When you speak with your partner about expanding your circle, this might be one of the things you’ll want to bring up. Not, “Will he/she move in?” That’s a decision for later on, after a firm relationship has established. The question is, “Will there be sleepovers?” I don’t care what anyone says; sleeping next to someone is nerve wrecking. It should be discussed ahead of time.
A couple years in and things have gotten better. I have to admit that I’m still not the biggest fan of co-sleeping. I have options, there are comfy couches in both the basement and the living room. I sometimes I take advantage of them. I occasionally daydream about escaping to a hotel for a night or two of uninterrupted the-whole-bed-is-mine sleep. I don’t do it, but I do think about it. I spend a lot more time in bed now, I think because the quality of my sleep is overall kinda crappy. I rouse when Paul gets home and comes to bed, pillow hits, staring contests, people rolling by bouncing (wtf?) are all hazards I’m still trying to learn to sleep through. I used to get to sleep at 1 or 2 and get up at 7 refreshed on a solid 6 hour block sleep. Now? I get to sleep around 11:30 or 12, woken up around 2:45 when Paul comes to bed, again a couple hours later by pillow hit, again when Lena wakes up before the sun (she thinks she’s being quiet) and then I doze until my alarm goes off.
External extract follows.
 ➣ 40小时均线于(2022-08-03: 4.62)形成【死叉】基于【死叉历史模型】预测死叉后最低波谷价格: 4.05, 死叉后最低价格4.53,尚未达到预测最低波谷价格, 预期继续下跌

I’m probably still getting 6 hours of sleep but it’s broken up and I’m always “aware” of others. This isn’t bad, I love those others.
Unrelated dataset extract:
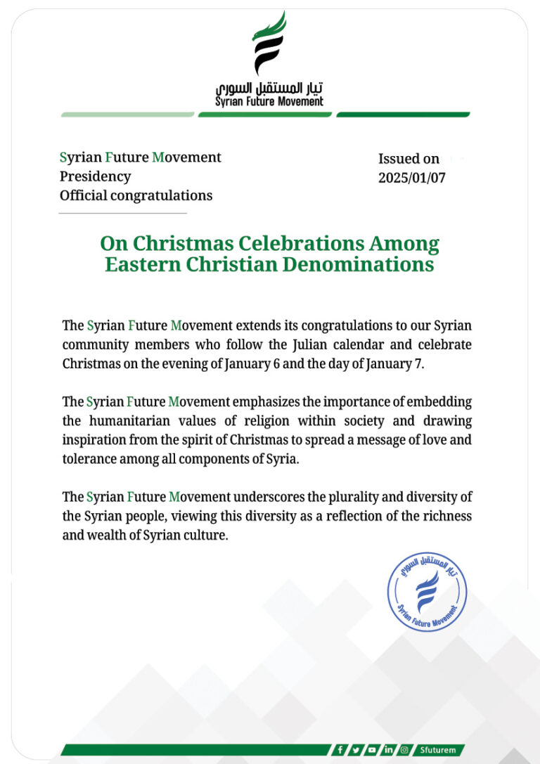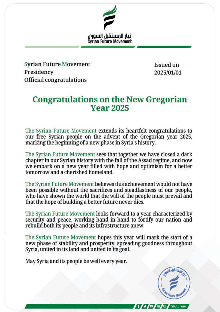 In the new year, the Syrian Future Movement celebrates the achievements of the people and looks forward to a year

As a single thinking about sleepovers with a couple, talk about how everyone would feel if you need to leave. I’m pretty sure most people would be able to shrug it off but there could be a few out there that will feel hurt. If this is the case, you might want to consider leaving sleepovers off the table for a long while. If you do decide to take the plunge after talking it out, be sure to ask if there is a comfortable sleep-friendly place you can escape to just in case sleeping in a pig-pile isn’t as fantastic as you thought it would be. And don’t be shy if you are uncomfortable, it’s terrible trying to face the day after a lousy nights sleep. Trust me, I know.